DAG Dependencies in Apache Airflow: The Ultimate Guide

DAG Dependencies in Apache Airflow might be one of the most popular topics. I received countless questions about DAG dependencies, is it possible? How? What are the best practices? and the list goes on. It’s funny because it comes very naturally to wonder how to do that even when we are absolute beginners. Do we like to complexify things by nature? Maybe, but that’s another question 😉 At the end of this article, you will be able to spot when you need to create DAG Dependencies, which method to use, and what are the best practices so you don’t fall into the classic traps. By the way, if you are new to Airflow, check my courses here; you will get at a special discount. Ready? Let’s goooooo!

DAG Dependencies Examples

Why DAG dependencies? As usual, let me give you a very concrete example:

DAG dependencies
DAG Dependencies (wait)

You have three DAGs on the left and one DAG on the right in the example above. The DAGs on the left are doing the exact same steps, extract, transform and store but for three different data sources. Now, once those DAGs are completed, you may want to consolidate this data into one table or derive statistics from it. This is done by the DAG on the right. The only caveat here is that you have to wait for the three DAGs on the left before moving to the “merge” task, and that’s the role of the “check” task.
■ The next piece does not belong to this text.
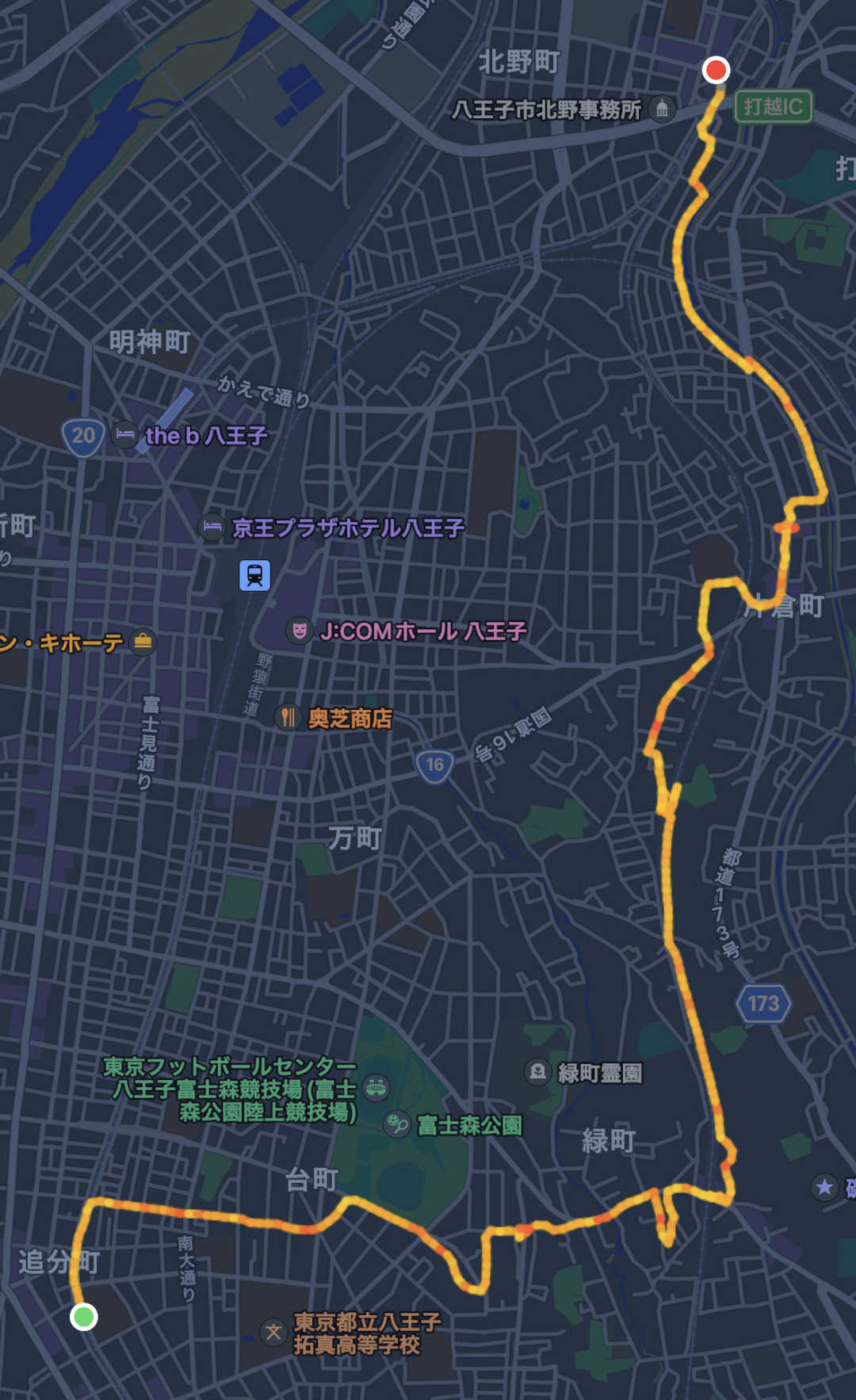 こんな感じのルートでした。お散歩をするのにちょうど良いのどかなコースでした。今日は散歩ができて良い日でした!

That’s my friend, DAG dependencies.

The role of the “check” task is to wait for other DAGs to complete before moving forward.

Want another example? Sure!

DAG Dependencies (trigger)

The example above looks very similar to the previous one. But, if you carefully look at the red arrows, there is a major change. The three DAGs on the left are still doing the same stuff that produces metadata (XComs, task instances, etc). The DAG on the right is in charge of cleaning this metadata as soon as one DAG on the left completes. How? With the “trigger” tasks! Notice that each DAG on the left has the “trigger” task at the end.

The role of the “trigger” task is to trigger another DAG when a condition is met.

That’s why the arrows are in the opposite way, unlike in the previous example.

All right, now you have the use cases in mind, let’s see how to implement them!

TriggerDagRunOperator

The TriggerDagRunOperator is the easiest way to implement DAG dependencies in Apache Airflow. It allows you to have a task in a DAG that triggers another DAG in the same Airflow instance.

How does it work? Fairly easy. Let’s take a look at the parameters you can define and what they bring.

trigger_dag_id

The trigger_dag_id parameter defines the DAG ID of the DAG to trigger. For example, if trigger_dag_id=”target_dag”, the DAG with the DAG id “target_dag” will be triggered.

    trigger = TriggerDagRunOperator(
task_id='trigger',
trigger_dag_id='target_dag', # the dag to trigger
)

Notice that the DAG “target_dag” and the DAG where the TriggerDagRunOperator is implemented must be in the same Airflow environment. If DAG A triggers DAG B, DAG A and DAG B must be in the same Airflow environment.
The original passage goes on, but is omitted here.